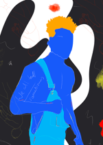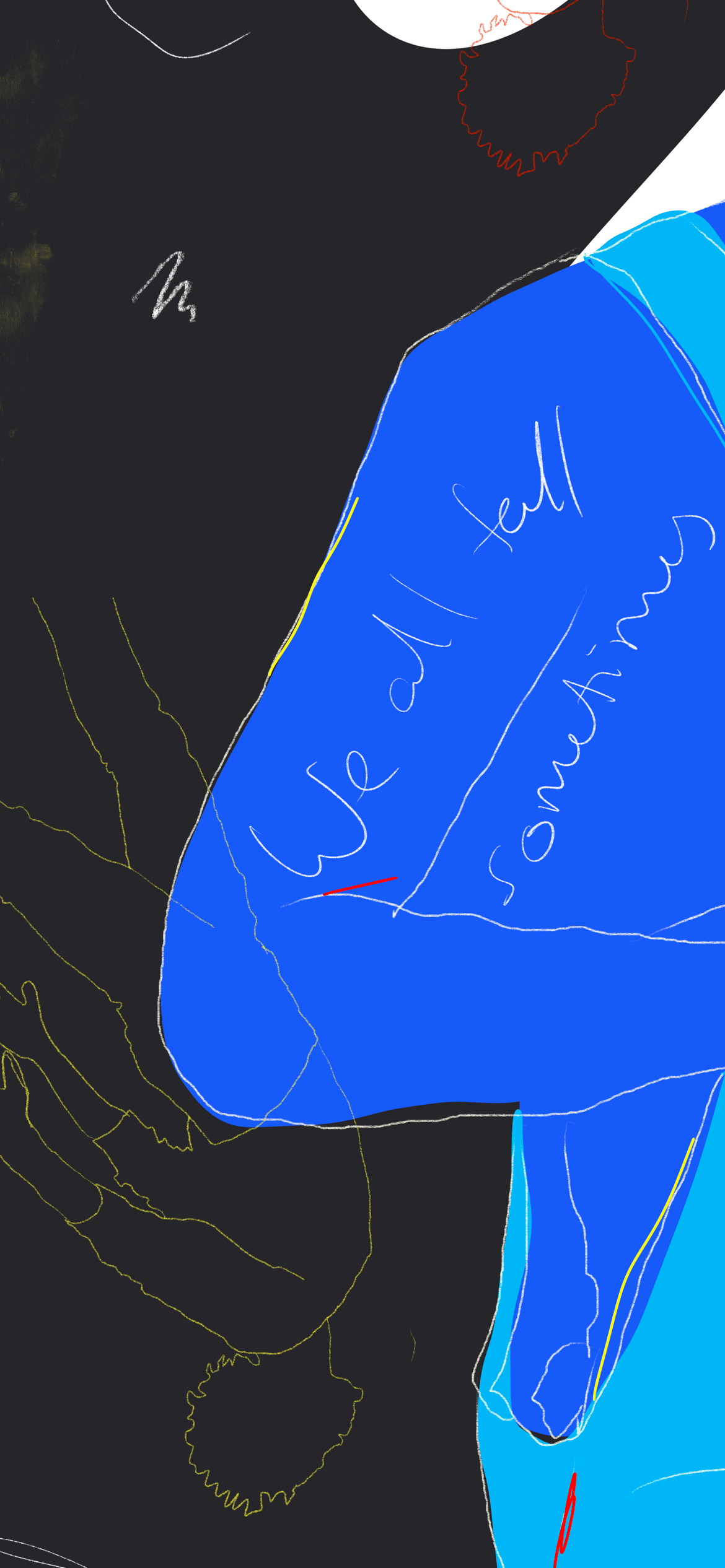 A central figure stands suspended between motion and stillness, while silhouettes on both sides fall endlessly. They mirror the inner conflict between collapse and recovery. At the core, a quiet strength holds the figure upright — a fragile but persistent force that resists the pull downward. The piece captures the tension between falling and rising, revealing resilience as a constant, internal struggle.
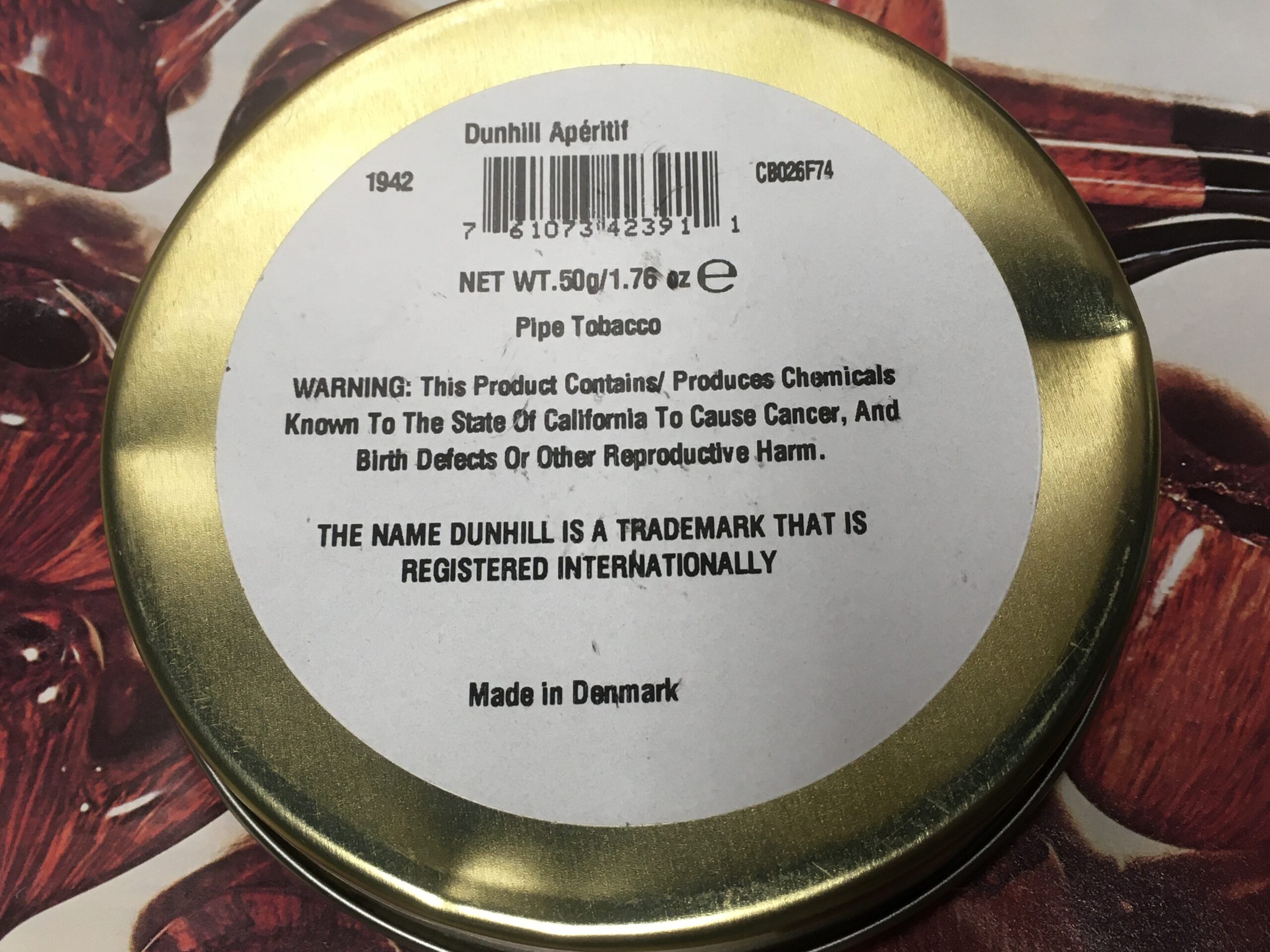 Original Dunhill The Aperitif Pipe Tobacco (2018) 50g - Sealed Tin. Dated in Sharpie when it arrived from the supplier in 2016.
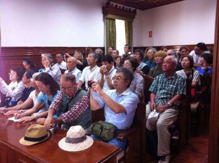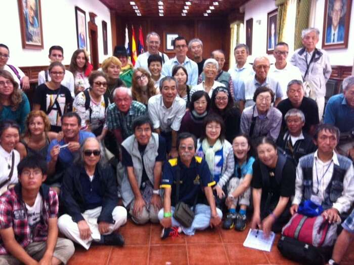 Telde es el único lugar en Europa que tiene un rincón para rendir homenaje a los trágicos bombardeos nucleares que sufrió Japón en el 45. Por lo que un año más, los pasajeros del Barco han atracado en Gran Canaria y se han desplazado hasta Telde donde han sido recibidos por ambos mandatarios en el Salón de Plenos de las Casas Consistoriales.
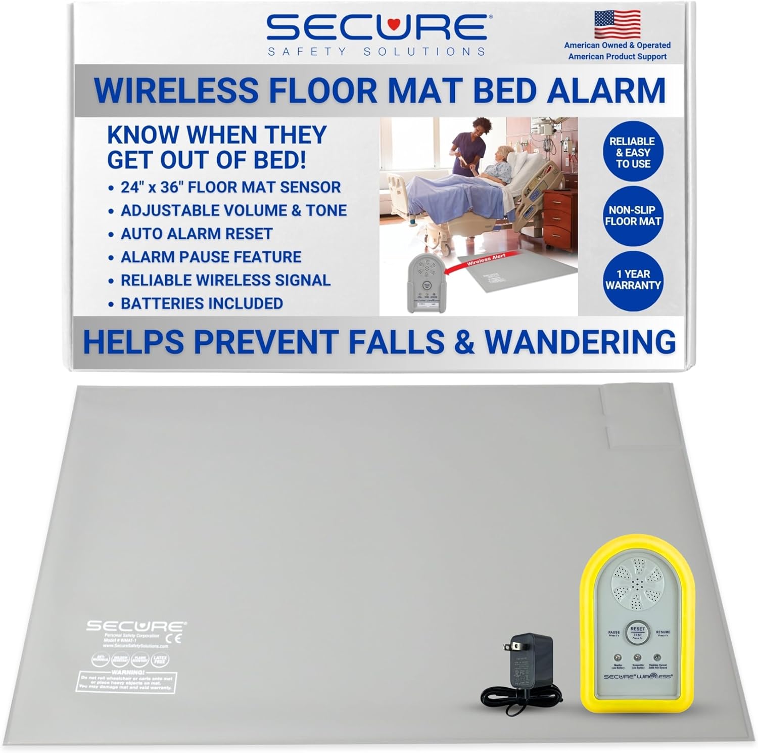 Secure Wireless Floor Mat Bed Alarm for Seniors - Wireless Alarm Monitor, Floor Mat Sensor, Transmitter, Power Adapter - No Noise in Patient Room - Fall &Wandering Prevention for Elderly Dementia
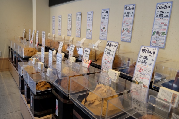 店内には、オリジナル味噌と全国の味噌、合わせて約30種類がずらり!
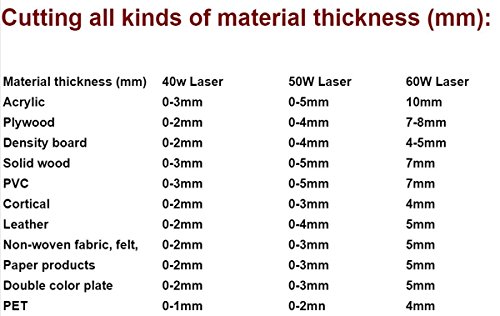 すべての非金属材料、アクリル、合板、MDF、木材、PVC、皮革、不織布、フェルト、紙製品、色版、PET等
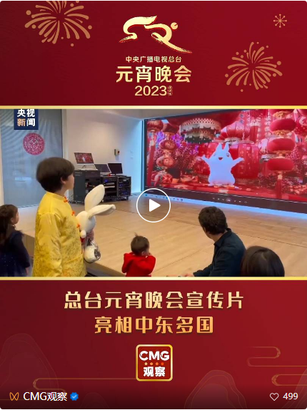 同一天,中國駐土耳其大使館新春招待會播放了總臺元宵晚會宣傳片,現(xiàn)場數(shù)百名當?shù)厝A人華僑及土耳其各界人士觀看。
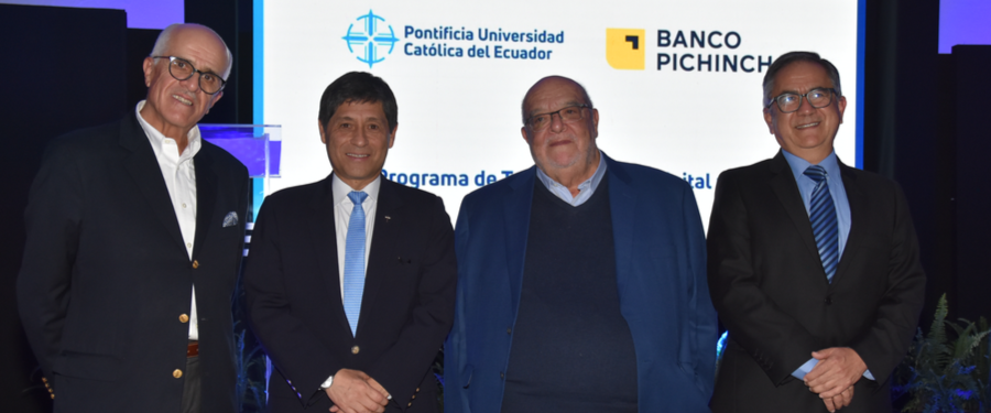 La Pontificia Universidad Católica del Ecuador (PUCE) y Banco Pichincha presentaron el Programa de Transformación Digital en Banca y Finanzas que busca formar profesionales capacitados en temas financieros y bancarios.

- - -

» EXERCISE AIM:
To complete this exercise, repeat exactly the lines above from the one holding "すべての非金属材料、アクリル" to the end of the listing, both included, and leave the pictures out.

» ANSWER TO THE EXERCISE:
 すべての非金属材料、アクリル、合板、MDF、木材、PVC、皮革、不織布、フェルト、紙製品、色版、PET等
 同一天,中國駐土耳其大使館新春招待會播放了總臺元宵晚會宣傳片,現(xiàn)場數(shù)百名當?shù)厝A人華僑及土耳其各界人士觀看。
 La Pontificia Universidad Católica del Ecuador (PUCE) y Banco Pichincha presentaron el Programa de Transformación Digital en Banca y Finanzas que busca formar profesionales capacitados en temas financieros y bancarios.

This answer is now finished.